Unless we show ourselves to whomsoever is our priest after our healings and cleansings, and after the gift which is commanded us, we are less pure for having been so cleansed, and more diseased for having been so healed. There can be no greater evil than to be prosperous without being prayerful, and strong without being Godlike. You should never finish your successful commercial enterprise with the balancing of your account at the bank. The only duty of your restored vigour is not merely to pay your doctor's bill. Your healing and your prospering are from Israel's God; you had better tell Him of them, and tell Him without much ado with man by the way. Tell no man until you know how to speak devoutly, and see no man until you have seen God. You must obey with the new strength before you are free in the use of it.

(J. Ogmore Davies.)

A fame abroad of Him.
That distinguished and excellent judge, Lord Mansfield, once observed: "True popularity is not that popularity which is followed after, but the popularity which follows after."
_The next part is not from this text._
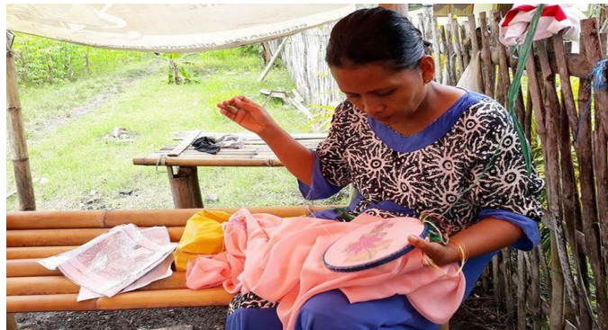
Gambar 4. Wanita yang sedang menjahit kain dengan cara menjepitnya dengan ram atau pembidang untuk membantu menahan posisi kain pada bidang yang akan disulam.

membentuk suatu pola tertentu. Sulaman karawo dapat dijadikan pada berbagai jenis kerajinan seperti sapu tangan, dasi, selendang, kipas, dan kain. Selain kerajinan tersebut, barang yang paling populer di Gorontalo adalah baju karawo untuk pria dan wanita. Anda bisa dengan bebas menyesuaikan desain bordir karawo yang indah. Sulaman karawo yang dibanggakan oleh masyarakat Gorontalo telah menyebar dalam berbagai bentuk. Salah satu upaya pemerintah untuk memasyarakatkan sulaman karawo adalah dengan mengadakan festival budaya karawo besar-besaran setiap tahun dengan biaya yang tidak sedikit (Dai, 2018: 5).

Dr. Chalmers, when large audiences attended his services, sometimes announced in the morning that he would repeat the same sermon in the afternoon. On one occasion when he had made that announcement Dr. Wardlaw was present, and gives us an account of the scene. It was on one Sabbath evening. The seats were occupied an hour before the time, and the doors were closed and bolted. An immense crowd was without, and as soon as Chalmers opened the vestry door, in spite of the keepers, the front door was forced open and the crowd rushed in, completely filling all the vacant space. Chalmers was grieved, and administered a sharp rebuke to the audience. Walking home with him, Chalmers said to Wardlaw, "I preached the same sermon in the morning, and, for the very purpose of preventing the annoyance of such a densely-crowded place, I intimated that I should preach it again in the evening. Have you ever tried that plan?" Wardlaw says: "I did not smile. I laughed outright. 'No, no,' I replied. 'My good friend, there are but very few of us that are under the necessity of having recourse to the use of means for getting thin audiences.'"

(Bishop Simpson.)

And He withdrew Himself into the wilderness and prayed.
What were the special reasons which led our Lord at this time to go away for prayer.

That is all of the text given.